Esta inmersión de la ficción, lograda en la función del día viernes, fue realmente jocosa. En el momento en que el maestro de ceremonias, el mago presentador que muestra el talento de la mujer, afirma que es capaz de aprenderse 44 palabras al azar en cuestión de minutos, de entre el público que ya está “comiendo de la mano del actor” y siente un afecto entrañable por el personaje central, no falto quien alzara la mano para aportar palabras y observar el fenómeno de esa prodigiosa memoria, olvidándose, por completo, que se trata de una obra de teatro.
En este momento, quien observa esta distinción, como en mi caso, siente una reverencia por los actores y por la puesta en su totalidad, y descubre que sólo los grandes como Brook tienen ese invisible y auténtico toque que emana de su larga experiencia de lograr la magia del teatro, en un abrir y cerrar de ojos, sin que nadie se dé cuenta exactamente de que lo que ocurre en la escena, no es la realidad.
He allí donde todo obra en favor y tiene sentido. Sin esta claridad meridiana de que todo lo que se agrega a la sustancia escénica es superfluo (y que ésta se logra única y exclusivamente por los demiurgos que son los actores frente al espectador), no se entiende la naturaleza vital e intransferible del drama.
Sin este ingrediente “secreto” no hay teatro, ni aquí, ni en China, ni en ningún lado. Esta cúspide conceptual que sintetiza toda su teoría teatral, en la que él dice: “dadme un espacio vacío” (y habrá teatro), máxima de sabiduría equivalente al otro ¡eureka! de Arquímedes: “dadme un punto de apoyo y moveré el mundo”, tal como lo citó Pappus de Alejandría, que afirma que si bien no inventó la palanca, Arquímedes sí escribió la primera explicación rigurosa conocida del principio que entra en juego al accionarla. Va lo mismo para Peter Brook: no inventó el teatro, sino una pedagogía y una estética para accionar la magia del mismo.
Gracias a esta actriz que se muestra vulnerable e ingenua y que carga el enorme peso de su cerebro, mismo que opera a la velocidad de una computadora, podemos acercarnos a la experiencia de su padecimiento.
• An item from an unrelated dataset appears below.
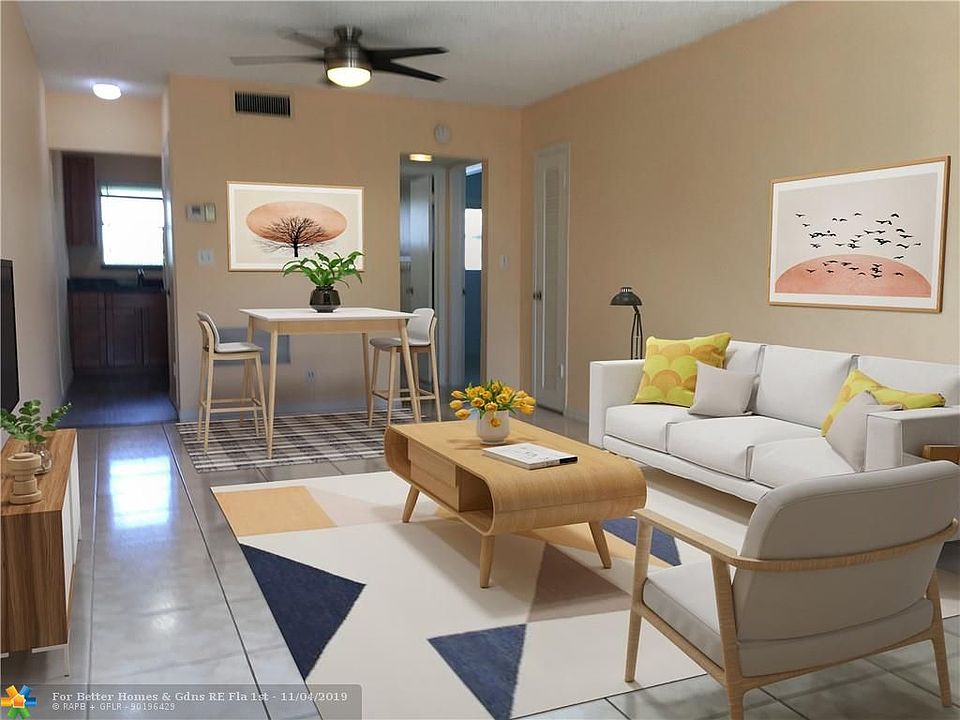 Mid Century Modern Penthouse 1Br in a Classic Victoria Park boutique building! Immaculate Light Bright and Airy 1/1 in move in condition with tiles floors, updated kitchen, updated bathroom, and a newer AC and ceiling fans. Beautifully maintained heated community pool and grounds with lush tropical landscaping. Updated Elevator and additional storage as well. Very close to the beach, Galleria mall, restaurants, and downtown.

Intentar saber cómo es que la sinestesia en la protagonista, le faculta de escuchar colores, saborear notas musicales, palpar conceptos abstractos y olfatear texturas, a partir de el funcionamiento inconsciente emanado de la memoria prodigiosa, que le posibilita asociar en su cerebro cada palabra, número y nombre a una imagen determinada, que es cómo opera la fuente de su fotográfica memoria, pero que se transforma en un tormento al final de cada uno de sus días.
Brook y su “partícula de Higgs”
Brook más que un maestro es un filósofo de la escena a la manera antigua: esteta, teólogo, matemático, y también es un Prometeo del teatro que le ha devuelto el fuego a los actores que son, a fin de cuentas, quienes iluminan y dan vida a la escena; esa energía civilizatoria humana que alcanza su principal sentido –por ende–, gracias a los espectadores.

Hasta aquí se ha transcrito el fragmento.